Medullary blood perfusion decreased by 35 ± 5% at 8 Hz compared to baseline values in response to RNS under control conditions (n = 10; p < 0.05; Figure 4B). However, although MBP was still significantly reduced following RNS in the presence of DETC relative to baseline (19 ± 8% at 8 Hz; p < 0.05; n = 10; Figure 4B), the RNS-induced reduction in MBP was significantly attenuated at 6 Hz and above, compared to the reduction seen without DETC at 6 Hz and above, only reaching a maximum of 19 ± 8% at 8 Hz compared to 35 ± 5% at 8 Hz in the absence of DETC (p < 0.01).

2.5. Effect of Renal Infusion of L-NAME on CBP & MBP

Table 1 presents baseline levels of average blood pressure, heart rate, and cortical and medullary blood perfusion. Baseline readings for all hemodynamic factors measured throughout these experiments remained relatively stable.

Under control conditions, RNS induced a significant frequency-dependent reduc-tion in CBP, with a maximal decrease of 53 ± 9% below baseline values at 8 Hz (p < 0.05; n = 10; Figure 5A). In the presence of L-NAME, RNS again evoked a significant reduction in CBP (59 ± 9% at 8 Hz relative to baseline; p < 0.05; n = 10; Figure 5A). Notably however, this reduction did not differ significantly from the reduction evoked by RNS under control conditions.

RNS also produced a significant frequency-dependent reduction in MBP, which peaked at 30 ± 7% at 8 Hz relative to baseline (p < 0.05; n = 10; Figure 5B).

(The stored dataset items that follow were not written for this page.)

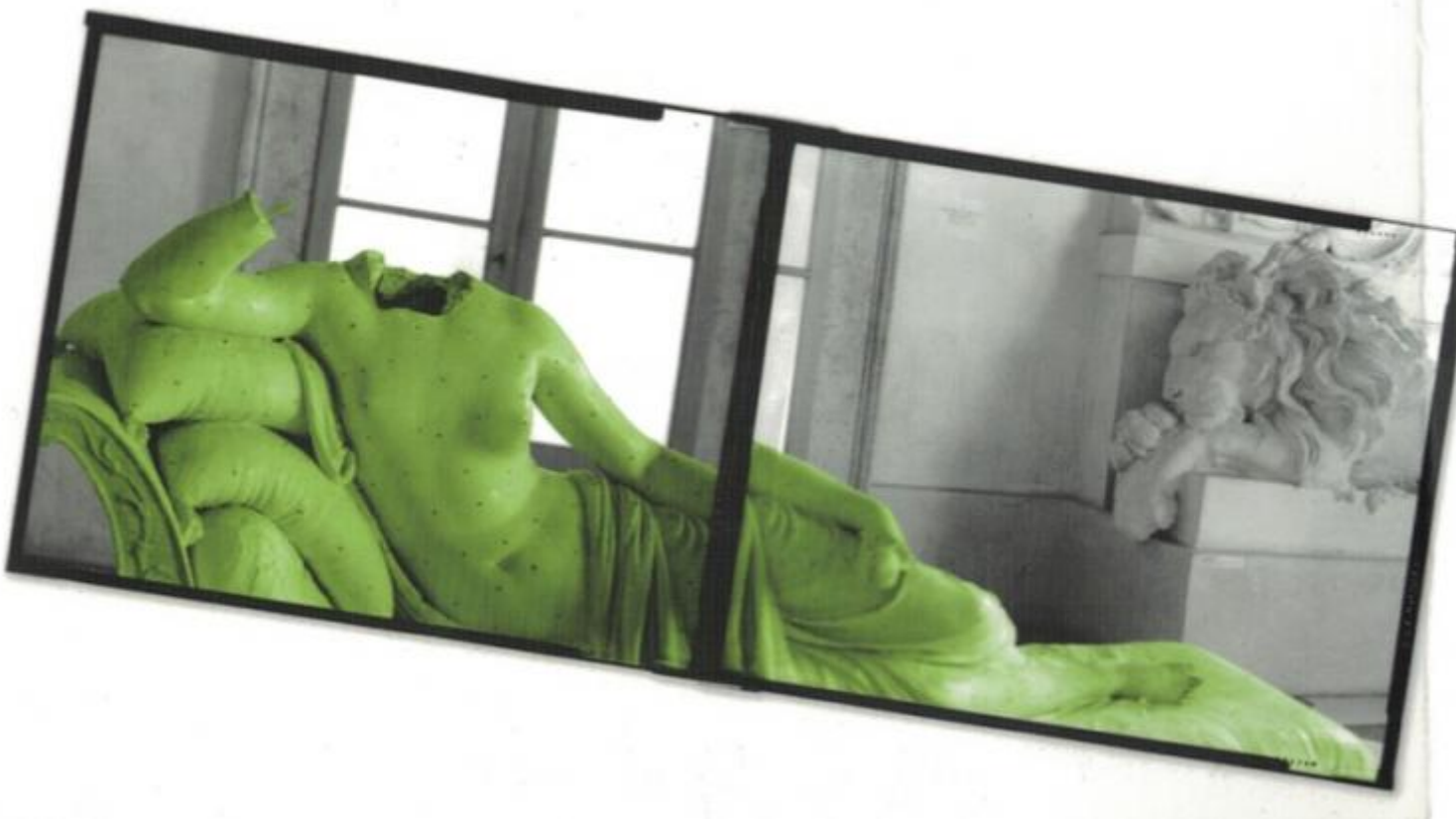
Gianantonio Battistella, foto di Antonio Canova, Paolina Borghese come Venere vincitrice 2013.

Pantone quindi ci propone il greenery e ci assicura la possibilità di abbinarlo con diverse palette di colori; addirittura un articoletto nel sito della ditta ci assicura che il verde rallenta gli ormoni dello stress. In effetti il verde si è affermato nella nostra società come colore della natura, dell'ecologia, della salute e della freschezza, ma anche della gioventù e della libertà. Anche la sua storia ne conferma la positività, almeno: un filone della sua storia.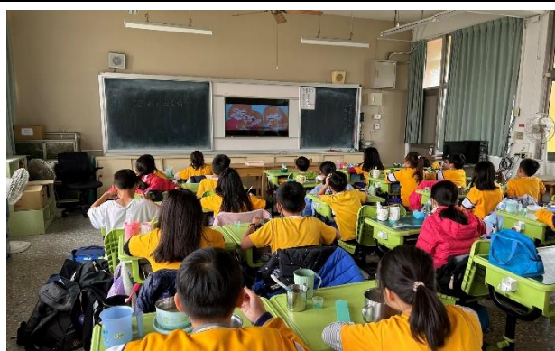
班級餐前五分鐘宣導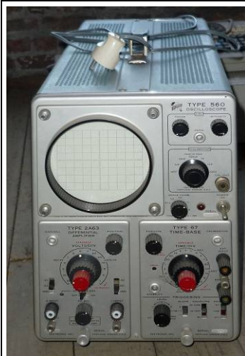
508.11 Oscilloscope Tektronix Type 560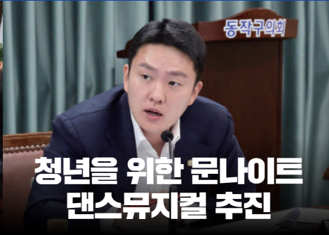
청년을 위한 문나이트 댄스뮤지컬 추진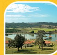
Pousada Rural Sesc Lages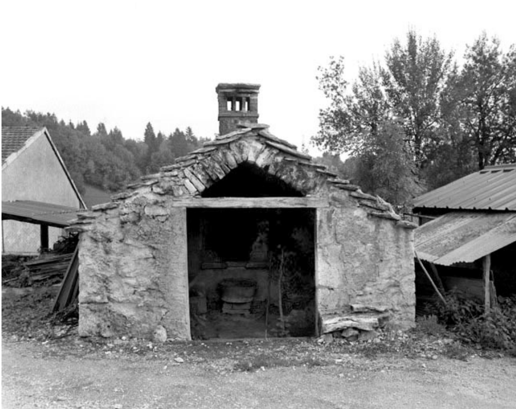
Viry, ferme située au lieu-dit Sièges : façade antérieure du fournil.

However, as with the CBP data, following the infusion of L-NAME, subsequent RNS elicited similar reductions in MBP to those observed in the absence of L-NAME, with a maximal medullary blood perfusion decrease of 36 ± 7% at 8 Hz relative to baseline (p < 0.05; n = 10; see Figure 5B).

3. Discussion

This study examined the effect of RNS on renal hemodynamics, focusing on blood perfusion in the cortical and medullary regions of SHRSPs. We also investigated the roles of ROS and NO in regulating renal blood perfusion during RNS.

Initial control experiments assessed the effect of vehicle administration into the CMB, confirming the consistency of our setup and the inability of the vehicle to influence baseline or RNS-mediated changes in blood perfusion in the region.

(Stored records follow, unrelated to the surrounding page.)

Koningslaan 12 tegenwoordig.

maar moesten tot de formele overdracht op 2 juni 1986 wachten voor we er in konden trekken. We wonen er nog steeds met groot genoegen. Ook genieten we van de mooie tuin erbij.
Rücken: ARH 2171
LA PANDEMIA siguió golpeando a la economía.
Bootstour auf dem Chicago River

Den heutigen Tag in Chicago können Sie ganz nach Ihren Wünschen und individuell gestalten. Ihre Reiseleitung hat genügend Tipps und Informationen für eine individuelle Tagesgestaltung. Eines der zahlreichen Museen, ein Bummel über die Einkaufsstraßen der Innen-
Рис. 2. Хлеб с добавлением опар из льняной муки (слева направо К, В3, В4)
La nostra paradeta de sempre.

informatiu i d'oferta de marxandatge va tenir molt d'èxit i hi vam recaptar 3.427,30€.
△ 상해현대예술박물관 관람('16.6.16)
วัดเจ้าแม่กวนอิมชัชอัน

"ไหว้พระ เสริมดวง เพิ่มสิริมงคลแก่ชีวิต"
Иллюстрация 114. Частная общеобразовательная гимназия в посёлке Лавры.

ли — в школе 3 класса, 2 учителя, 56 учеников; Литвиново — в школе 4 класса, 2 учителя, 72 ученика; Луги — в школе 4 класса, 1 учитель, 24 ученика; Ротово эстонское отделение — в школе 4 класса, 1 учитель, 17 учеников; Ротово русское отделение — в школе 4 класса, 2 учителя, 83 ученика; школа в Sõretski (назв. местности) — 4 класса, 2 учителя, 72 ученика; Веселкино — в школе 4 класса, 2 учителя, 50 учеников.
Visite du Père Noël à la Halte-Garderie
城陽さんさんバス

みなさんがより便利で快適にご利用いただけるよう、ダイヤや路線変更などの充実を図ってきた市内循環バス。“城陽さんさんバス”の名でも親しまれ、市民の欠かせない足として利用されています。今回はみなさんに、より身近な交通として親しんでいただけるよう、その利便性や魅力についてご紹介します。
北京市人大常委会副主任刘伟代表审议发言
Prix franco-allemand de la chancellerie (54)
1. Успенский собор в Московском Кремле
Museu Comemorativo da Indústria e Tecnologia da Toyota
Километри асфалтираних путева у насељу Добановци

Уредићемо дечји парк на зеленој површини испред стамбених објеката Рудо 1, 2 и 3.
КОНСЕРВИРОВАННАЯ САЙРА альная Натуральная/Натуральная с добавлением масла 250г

These control experiments enabled us to compare, for the first time, the impact of RNS on regional renal blood perfusion in SHRSPs. Results showed that RNS had a weaker vasoconstrictor effect on cortical and medullary blood vessels of hypertensive rats compared to normotensive rats [22]. This suggests that factors in the hypertensive kidney might affect its response to RNS by altering vasculature sensitivity to constriction.

Superoxide free radicals, which are elevated in the renal medulla of hypertensive rats [12,23], may influence renal vasomotor tone. These free radicals significantly constrict vascular smooth muscle [24,25,26,27] and decrease NO availability [28,29,30]. Both mechanisms, separately or together, may reduce cortical and medullary blood perfusion responses to RNS in SHRSPs because their renal blood vessels are more contracted than those in normotensive controls. In SHRSPs, resting blood pressure is higher, and heart rate is lower, than in normotensive rats, contrary to previous findings [22].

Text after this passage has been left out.